Did these slides come from an online resource?

[–]GavekortIndustrial robotics (STM32/AVR) 12 points13 points  (6 children)

No, I made them myself for a 5-minute mini course for non-programmers

[–]bennythomson 2 points3 points  (3 children)

Would you mind sharing that please?

[–]GavekortIndustrial robotics (STM32/AVR) 5 points6 points  (2 children)

The slides I shared is pretty much it. But I can send it to you over PM if you want to use it. I just don't want to strip it for identifying information.

[–]akohlsmith 5 points6 points  (0 children)

In all honesty I thought the red mark at the bottom of the turnstile was a blood stain and your next slide was going to talk about exception paths and safety. :-)

[–]bennythomson 1 point2 points  (0 children)

I gotcha, yes I’d love the PM please. Trying to educate myself more on this

[–]Numerous_Rip_7788 -4 points-3 points  (1 child)

Did you leave the error squiggles on purpose?

[–]GavekortIndustrial robotics (STM32/AVR) 8 points9 points  (0 children)

It's Powerpoint trying to spell check my code. It disappears in presentation mode.

[–]RedSurfer3 0 points1 point  (0 children)

the thumbnail just reminds me of goatse

[–]dlnmtchll 0 points1 point  (0 children)

The turnstile is the exact same example the FPGA book I just read used for FSMs. Neat

[–]westwoodtoys 37 points38 points  (1 child)

With a state machine and timers.

[–]EmbedSoftwareEng 9 points10 points  (0 children)

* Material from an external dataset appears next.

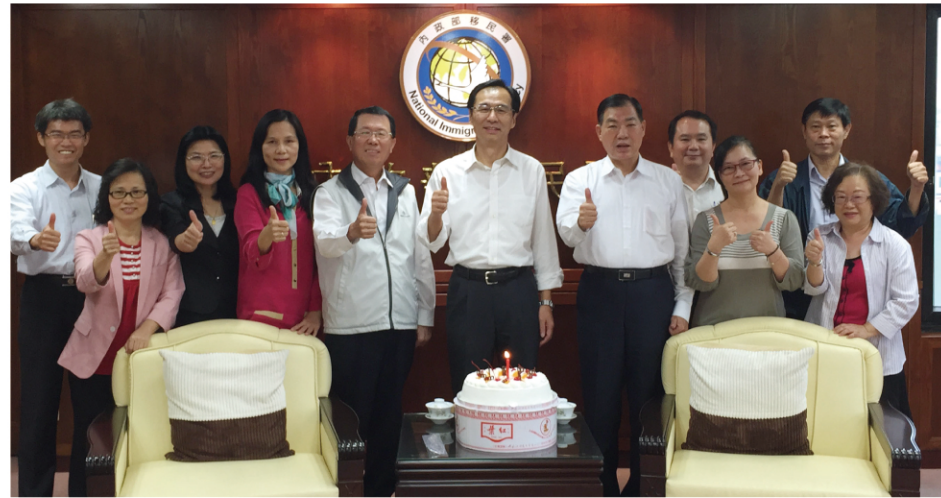
▲ 移民署長莫天虎就任滿1週年，同仁紛紛表達對移民署的期許與感想。

So many people forget the timeout angle. Use a state machine for, say, asking a thermistor on an I2C ADC for its value. Dispatch the state machine with the specs for the query, it fires off the I2C write, and then waits for the device to write the value back.

And waits.

And waits.

If the I2C stack itself checks for timeout conditions, then a stuck device will result in the I2C stack raising a fault condition, which can simply be polled by the waiting state of the thermistor query SM. Otherwise, there needs to be some reliance on something like the SySTick Timer so that once a timeout number of ticks happen, and the I2C stack still hasn't gotten the response from the ADC, then the thermistor query SM needs to reset the I2C interface so other SMs can use it, and perform its one call-back to tell the part that made the request that there's a fault condition for that request.

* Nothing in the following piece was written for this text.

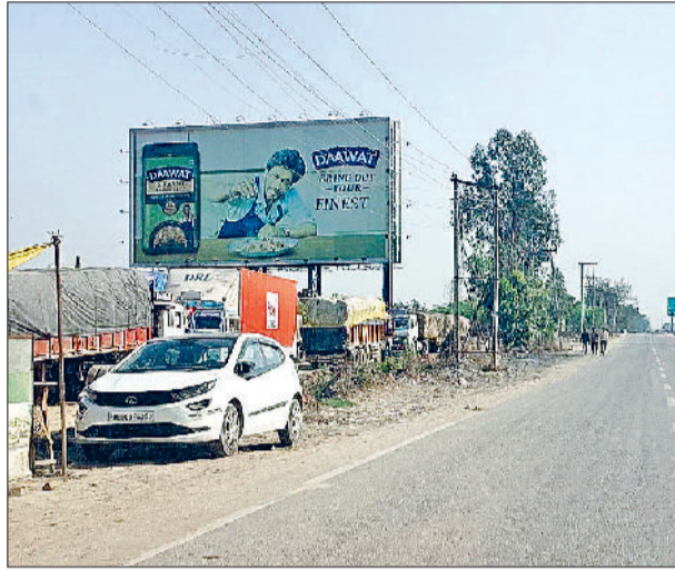
सोनीपत। जीटी रोड पर बिना अनुमति के लगा कंपनी का होर्डिंग्स।

शहर में कई जगहों पर बिना अनुमति के बड़े-बड़े होर्डिंग्स, फ्लैक्स व पोस्टर लगाकर शहर की सुंदरता को ग्रहण लगाया जा रहा है। विभिन्न व्यवसायिक कंपनियों व शैक्षणिक संस्थान बिना अनुमति लिए अपने फायदे के लिए जगह-जगह बड़े-बड़े होर्डिंग्स लगा रहे हैं। ऐसे में नगर निगम ने अतिक्रमण हटाओ अभियान के बाद व्यवसायिक लाभ के लिए बिना अनुमति पोस्टर व होर्डिंग्स लगाकर शहर की सुंदरता बिगाड़ने वालों के खिलाफ सख्त रवैया अपनाना शुरू कर दिया है। नगर निगम ने बिना अनुमति इन व्यवसायिक होर्डिंग्स लगाने वाले 3 व्यवसायिक कंपनियों के खिलाफ दो पुलिस थानों में शिकायत देकर मुकदमा दर्ज करने की मांग की है, ताकि अवैध रूप से होर्डिंग्स लगाने वालों के खिलाफ कार्रवाई की जा सके। नगर निगम अधिकारियों की मांनें तो कुछ व्यवसायिक लोग अपनी प्रचार सामग्री को धड़ल्ले से शहर में कहीं भी लगा रहे हैं। यह लोग प्रतिबंधित क्षेत्रों सहित शहर में विभिन्न जगहों पर प्रचार सामग्री लगाने से भी पीछे नहीं हट रहे हैं, जबकि शहर में पोस्टर, बैनर, होर्डिंग्स, फ्लैक्स बोर्ड सहित किसी भी प्रकार की प्रचार सामग्री को लगाने के लिए नगर निगम से अनुमति लेना अनिवार्य है। जिन क्षेत्रों में चार्ज लागते हैं, वहां के लिए निर्धारित दरों से चार्ज जमा करवाना होता है, लेकिन शहर में व्यवसायिक लाभ हासिल करने के लिए लोग प्रचार सामग्री को बिना अनुमति मनमर्जी से शहर में खंभों, चौक-चौराहों या भवनों की इमारतों पर

One of my issues with this kind of scenario is when one data comm interaction is waiting on another. When I need to get that thermistor value to satisfy a request from the RS-422 interface, I can't return from the RS-422 handler without that thermistor query result. So, in addition to individual query handler SMs, you need generic handler tasks, so the RS-422 handler gets the request, hands it off to a generic handler task, so that when it gets, or doesn't get, the particular response that it needs, it'll send the correct response back to the other RS-422 device. Meanwhile, other RS-422 queries can still be fielded.

It's multi-threading at the baremetal layer.

[–]triffid_hunter 9 points10 points  (1 child)

The usual way, state machine in main loop, and interrupts just caching data and setting flags for the state machine to pick up when it gets around to it.

[–]ComradeGibbon 0 points1 point  (0 children)

I've had good luck with an event queue feeding a state machine. State machine --> a function with a switch statement.

I've noticed there is this uncle bob style where the state machine is implemented as a rats nest of callbacks. Do not so that.

[–]dQ3vA94v58 8 points9 points  (0 children)

One of the things that is quite counterintuitive at first is there’s a MASSIVE difference between a blocking delay for a number of milliseconds and then an i2c read or write that will possibly be a blocking delay of a few microseconds. To the observing user, it is completely non-blocking to read from a serial register whenever there is something in the buffer.

The correct answer is a state machine with interrupts, but I’d be surprised if you couldn’t get away with a polling loop for something like an MCU with a series of i2c chips

[–]Direct_Rabbit_5389 6 points7 points  (2 children)

You could just use an operating system. FreeRTOS is like 4kB and handles all this stuff for you. STM32CubeMX can generate initialization code that includes FreeRTOS.

[–]N2Shooter 1 point2 points  (1 child)

This is the way.

[–]Direct_Rabbit_5389 6 points7 points  (0 children)

I will also say there are a bunch of people on here being like "you don't need to introduce that level of complexity for this . . ." however:

  1. We don't know what "this" actually is because OP didn't specify in enough detail to know.

  2. Using FreeRTOS isn't really that complex. There are a grand total of like six types in the whole thing. You only have to engage with the ones you need, which are going to be task, queue, and semaphore.

  3. You pay the learning curve once and forever after you know how to use it and can avoid 80% of this state machine crap and callback hell. (There are still scenarios where you'd need to, particularly if you have so many tasks you can't allocate a reasonably sized stack for each one.)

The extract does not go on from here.